Question

calculate the change in entropy for the reaction. sicl₄(l) + 2h₂o(l) → sio₂(s) + 4hcl(aq) substance | s° (j/mol·k) sicl₄(l) | 240. h₂o(l) | 70. sio₂(s) | 42 hcl(aq) | 46 δs° = ? j/k enter either a + or - sign and the magnitude in your answer.

Explanation:

Step1: Recall the formula for entropy change of a reaction

The formula for the standard entropy change ($\Delta S^\circ$) of a reaction is $\Delta S^\circ=\sum nS^\circ(\text{products})-\sum mS^\circ(\text{reactants})$, where $n$ and $m$ are the stoichiometric coefficients of the products and reactants respectively.

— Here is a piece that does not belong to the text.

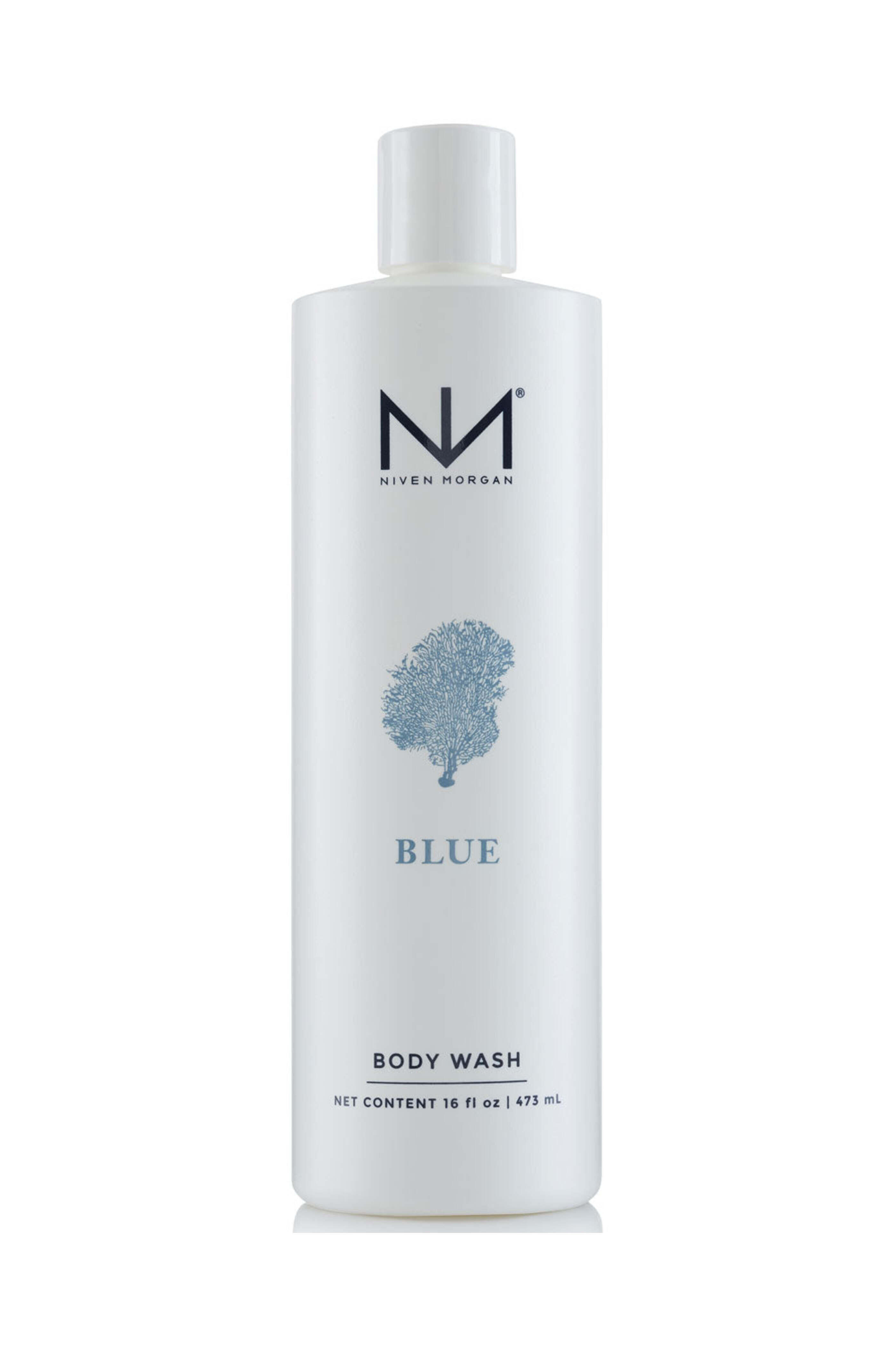 Niven Morgan Blue Body Wash Foaming gel enriched with vitamin E~ soothing chamomile~ comfrey~ and arnica extract Paraben free~ sulfate free~ dye free~ no animal testing 16 fl oz.

Step2: Identify the products and their stoichiometric coefficients

The products are $\text{SiO}_2(s)$ with a stoichiometric coefficient of 1 and $\text{HCl}(aq)$ with a stoichiometric coefficient of 4.
So, $\sum nS^\circ(\text{products}) = 1\times S^\circ(\text{SiO}_2(s))+4\times S^\circ(\text{HCl}(aq))$
Substitute the values: $1\times42 + 4\times46=42 + 184 = 226$ $\text{J/K}$

Step3: Identify the reactants and their stoichiometric coefficients

The reactants are $\text{SiCl}_4(l)$ with a stoichiometric coefficient of 1 and $\text{H}_2\text{O}(l)$ with a stoichiometric coefficient of 2.
So, $\sum mS^\circ(\text{reactants})=1\times S^\circ(\text{SiCl}_4(l)) + 2\times S^\circ(\text{H}_2\text{O}(l))$
Substitute the values: $1\times240+2\times70 = 240 + 140=380$ $\text{J/K}$

Step4: Calculate the entropy change

$\Delta S^\circ=\sum nS^\circ(\text{products})-\sum mS^\circ(\text{reactants})=226 - 380=- 154$ $\text{J/K}$

Answer:

-154